The follow-up cadence is the other half. A Thursday-morning marketing email goes out after a Wednesday event, including a photo collage, a survey, and a CTA. No-shows get their own touch. Sales follows up with each attended lead within the week, prioritized off badge-scan scoring (hot, warm, or cold) done at the booth rather than after the fact.
More Insight:
"For every event I want to see three times a return on investment and closed-won," Drake said. Source pipeline (leads brand-new to the event) and influence pipeline (deals that were already open and pushed over the line by the activation) both count, tracked separately. The 90-day window matches typical B2B sales cycles, which is why Drake says the campaign report has to be reread on a schedule. The 3-month number is what decides whether the event earns another budget cycle.

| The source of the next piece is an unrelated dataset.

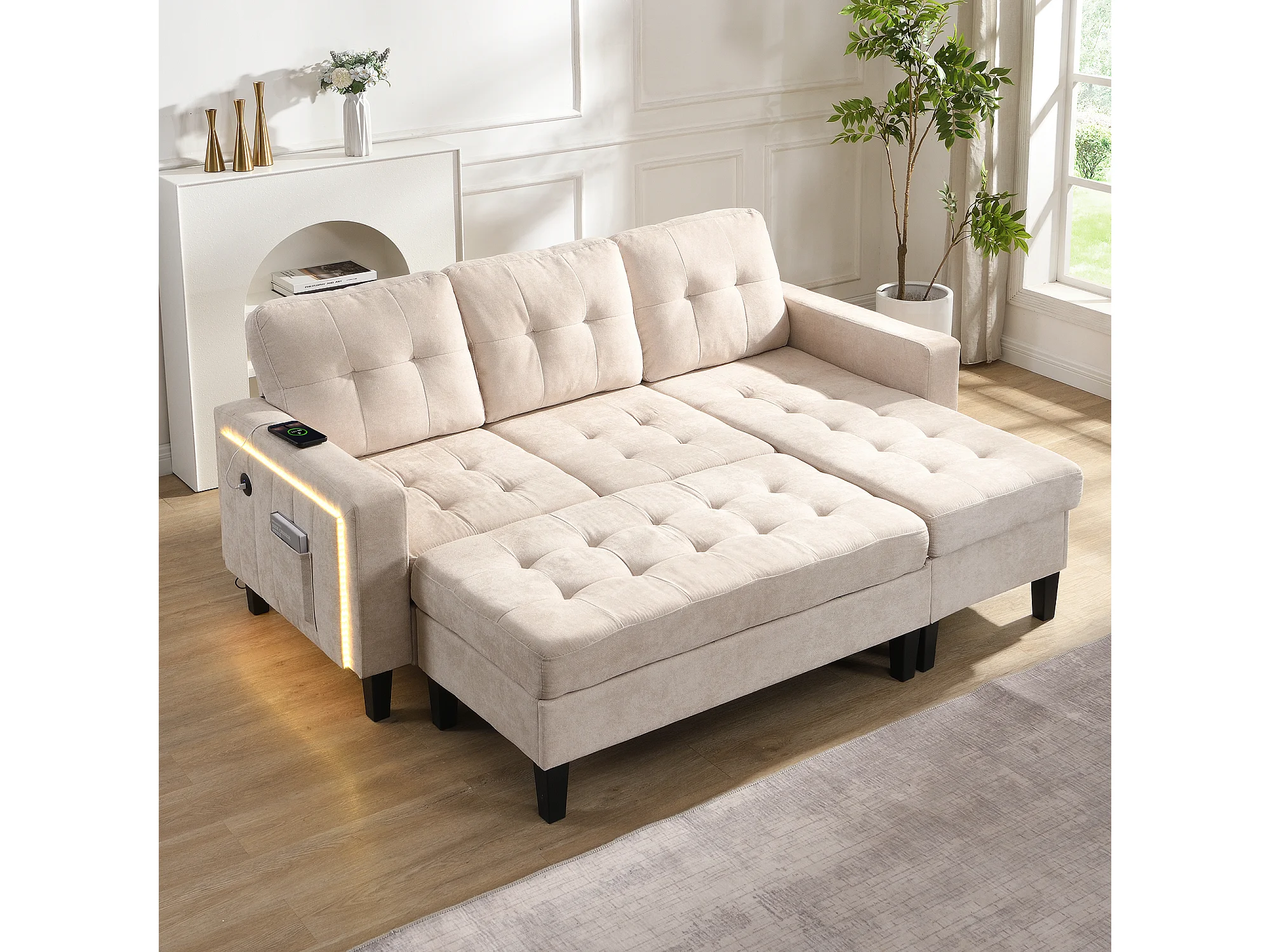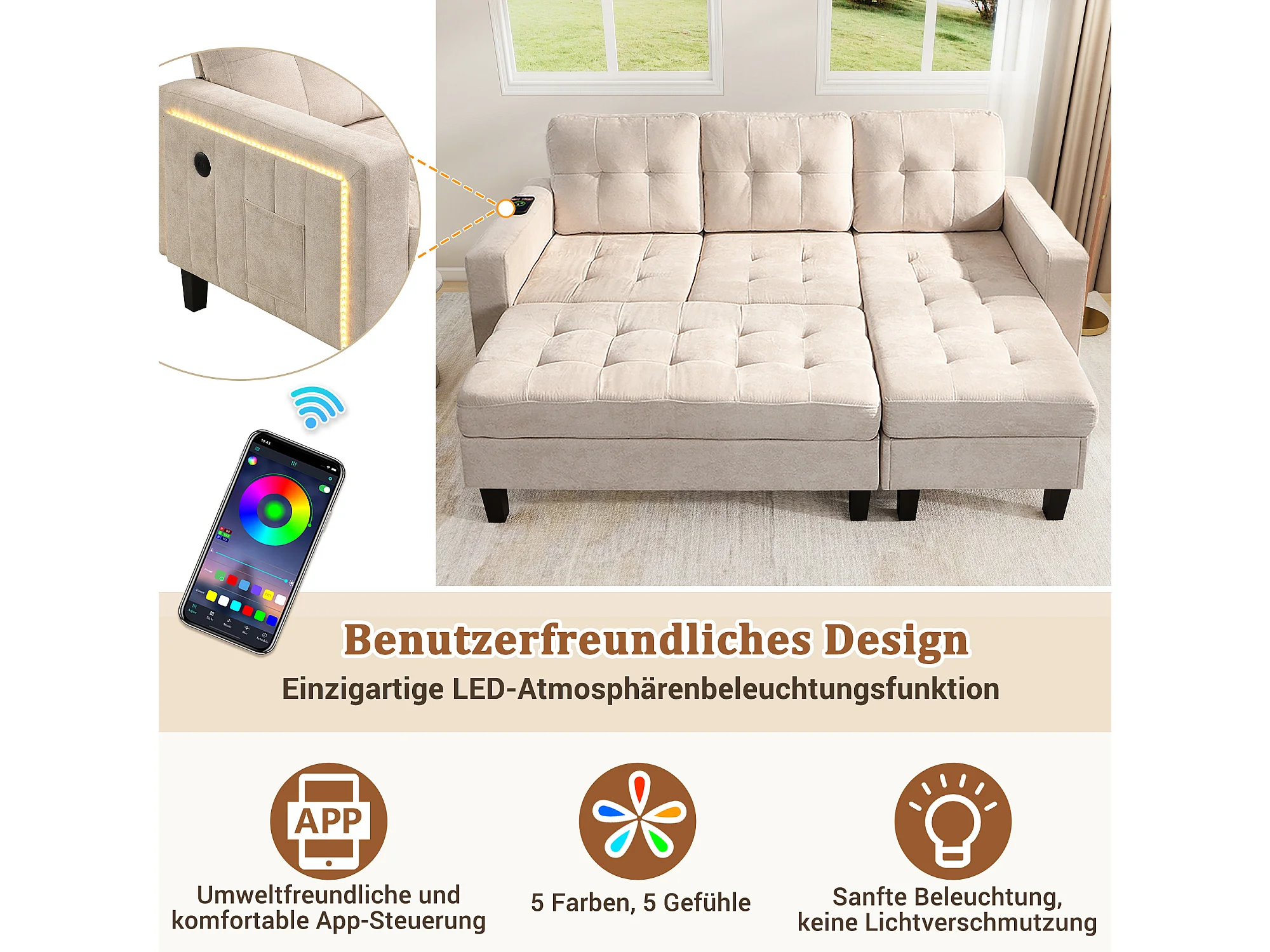 Ensemble de canapé de salon 3 places - 185 x 135 x 85 cm - avec repose-pieds mobile + Leds - velours - beige

The follow-up game plan is where most teams leak revenue. Marketing's first touch lands in the inbox within 24 hours, no-shows included. Sales follows up within the week, with the cadence pre-agreed so the SDR team knows whether each lead goes to an AE or stays in the SDR queue. Lead scoring happens at the moment of the badge scan, so sales gets a pre-qualified list instead of a raw dump. "You're like a salesperson but without a quota," Drake said of the field marketer's role.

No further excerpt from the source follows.